An old post from an old blog given new life…

In 2010 started learning folk songs more seriously, which rekindled my interest in the idea of the ‘golden moment’ in music.

Caterwauling at the Grove Folk Club, photo Layla Legard

Caterwauling at the Grove Folk Club, photo Layla Legard

I remember first hearing the ancient song King Orfeo sung on Alan Lomax’s Classic Ballads of Britain and Ireland, collected between 1949 and 1969. Click on foregoing link to listen to it: it is sung by John Stickie, an elderly man whose frail, thin voice would have had you believe he was a close relative of the Sibyl of Cumae.

The song itself is incredible – full of rich imagery: here is a powerful myth seen through the lens of Celtic culture via the medieval English poem Sir Orfeo. Notably, the Classical Pluto is replaced by the Celtic king of fairies and the story has a happy ending! The opening lines “There lived a king into the east […] there lived a lady in the west” resonate deeply with me and I’m sure many a Hermetic interpretation could be made along these lines (for example: in the correspondence systems popularised by Agrippa east being associated with sunrise and Mars, the west with Venus).

However, what I loved most about hearing this song was the rhythm: very consistent, until the moment that Orpheus plays the magic song: “the good old gabber reel.” The additional syllables in this line seem to make it stand out like a jewel, and the delivery in the recording of John Stickie powerfully suggested that something otherworldly or magical had occurred: a magic act momentarily transcended the temporal, rhythmic world of the song.

Golden Moment, by Layla Legard

Golden Moment, by Layla Legard

This takes me back to what I find moving in the tintinnabuli-style music of Arvo Part, to whom I seem to return to again and again. There are often long periods of rhythmic and tonal stasis and then something happens that gloriously transcends it: a many-syllabled word ascends toward heaven; or something occurs outside the prescribed tonality that touches the heart in some unknown way as in the example below from Alinale (1976), where the left hand plays a single note outside the B-minor triad that comprises all the other material in that voice (marked by a flower and pedal release in the score).

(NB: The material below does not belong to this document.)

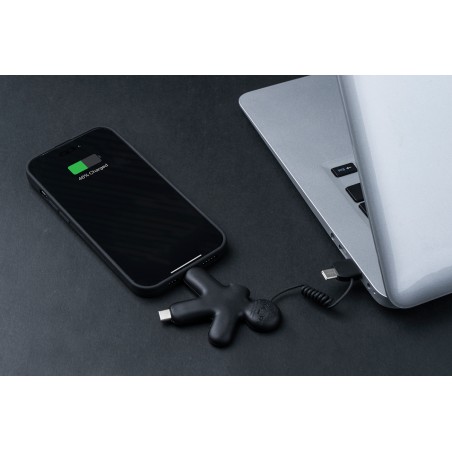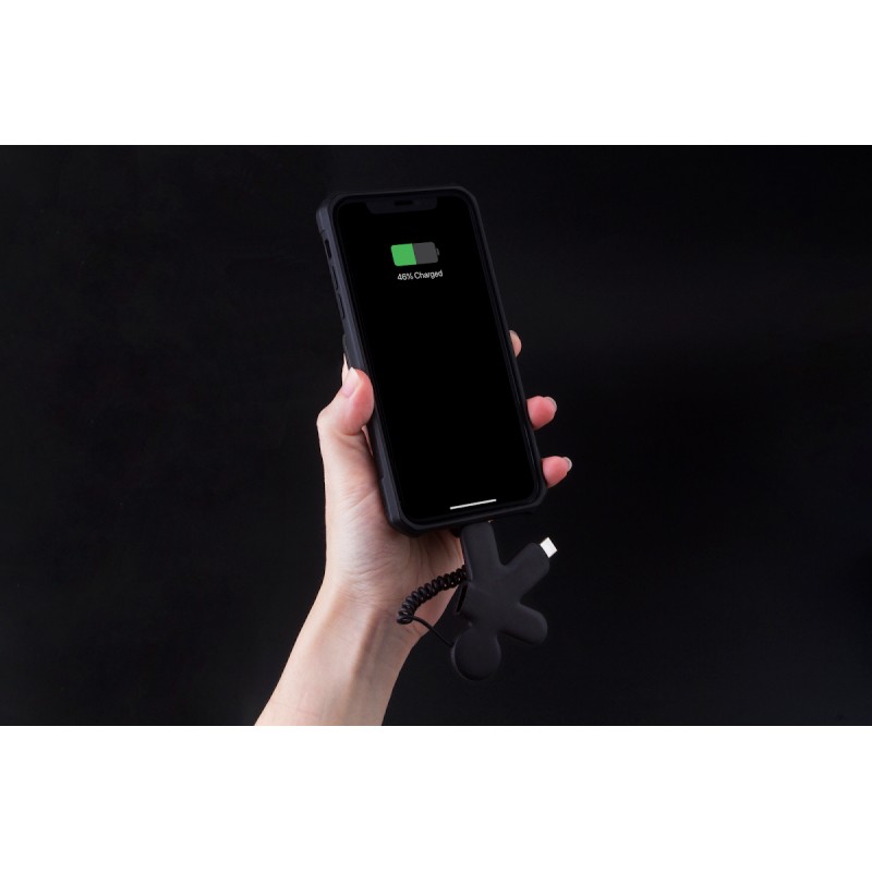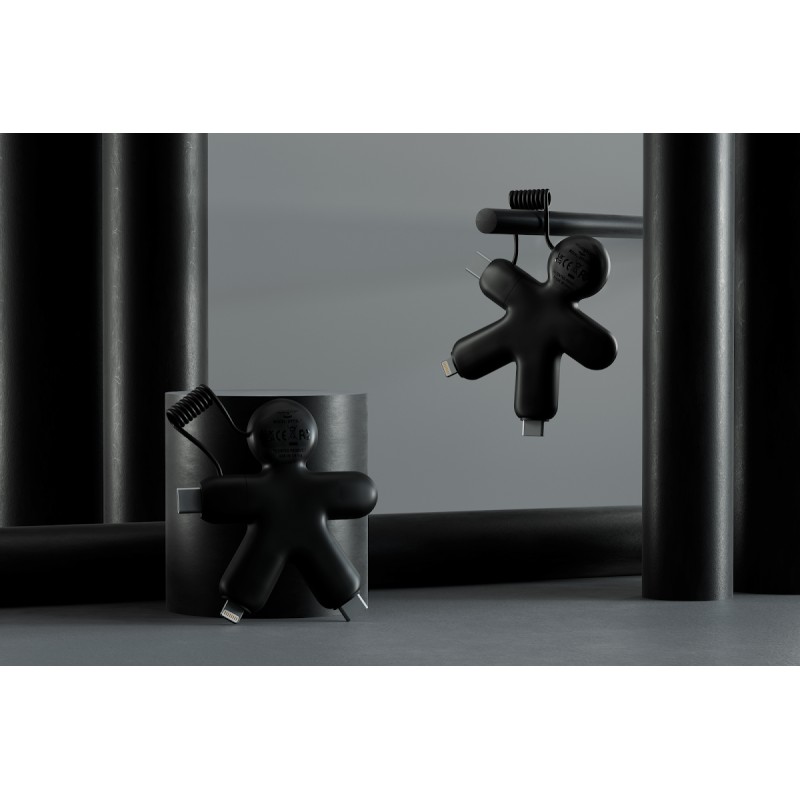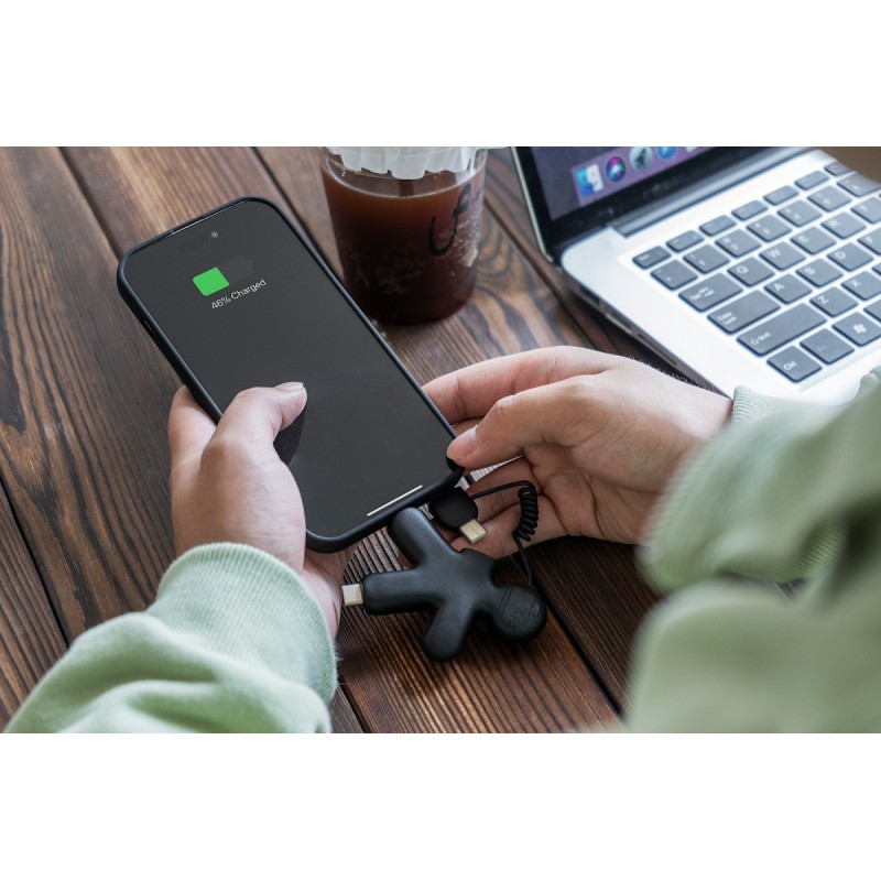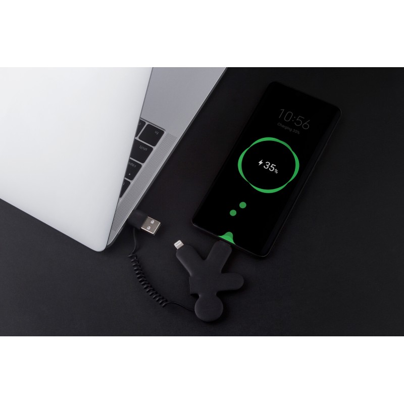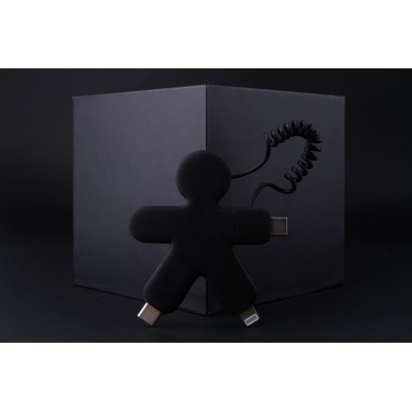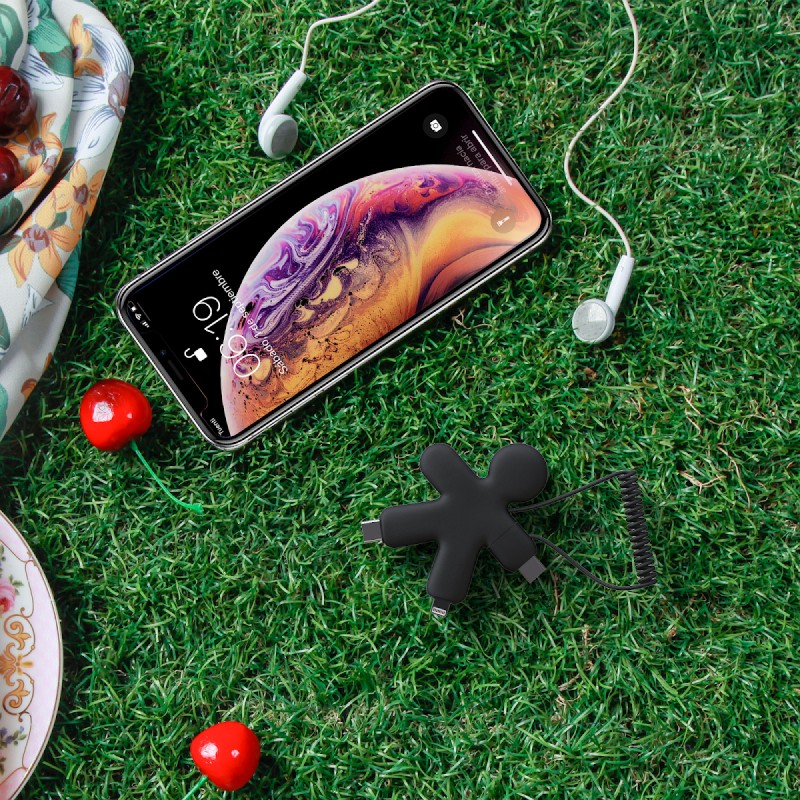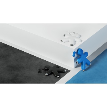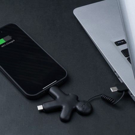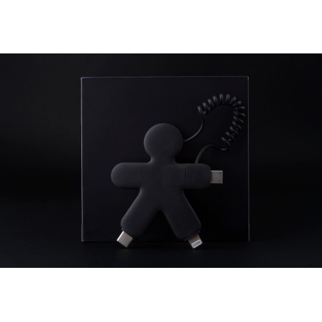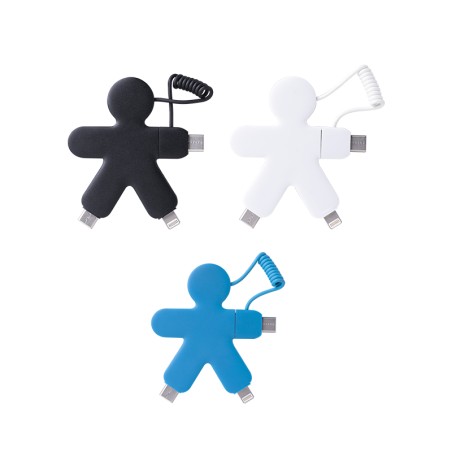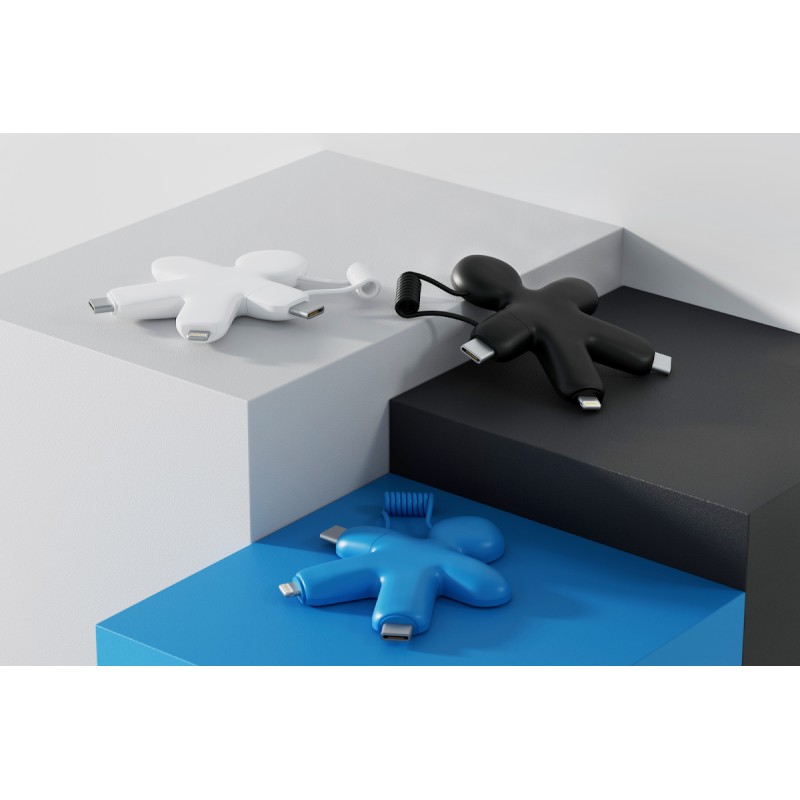 Ce câble multiconnecteur en forme de bonhomme, toujours prêt à recharger vos appareils, est développé dans une démarche de progrès.

Extract from Alinale (1976)

While on holiday in the village of Littlebeck in the early days of summer 2009 I met the golden moment again. I wrote a piece of string music entitled Funeral Music for John D., both as a tribute to John Dowland (the piece was structured like one of his Lachrimae pavans), and to John Dee (the tonalities used in the piece derived from his Hieroglyphic Monad). While Funeral Music was generally not the most interesting or conventionally harmonious composition, three quarters of the way through a sustained, highly harmonic chord suddenly appears after a moment of silence. To my ears the effect was magical, as though the vault of heaven was suddenly cast wide, flooding the earth with celestial light. The chord in question was more recently used as the basis for The Littlebeck Trisagion recordings on the forthcoming Three Spirits album.

The vault of heaven cast wide…

Until then, and to return to King Orfeo, here is a bootleg from our Institute of Stone Age Sex performance at the back in spring. This was fairly early days for the current line-up, and unfortunately I didn’t get a chance to break out of the rhythm for a golden ‘good old gabber reel’ moment, but it should give a vague idea about of the droning, semi-improvised sound of IOSAS! It was, regrettably, recorded on the only available technology: the ubiquitous mobile phone, and is occasionally somewhat muddy on the vocal front. More polished performances and recordings will hopefully be along in 2013!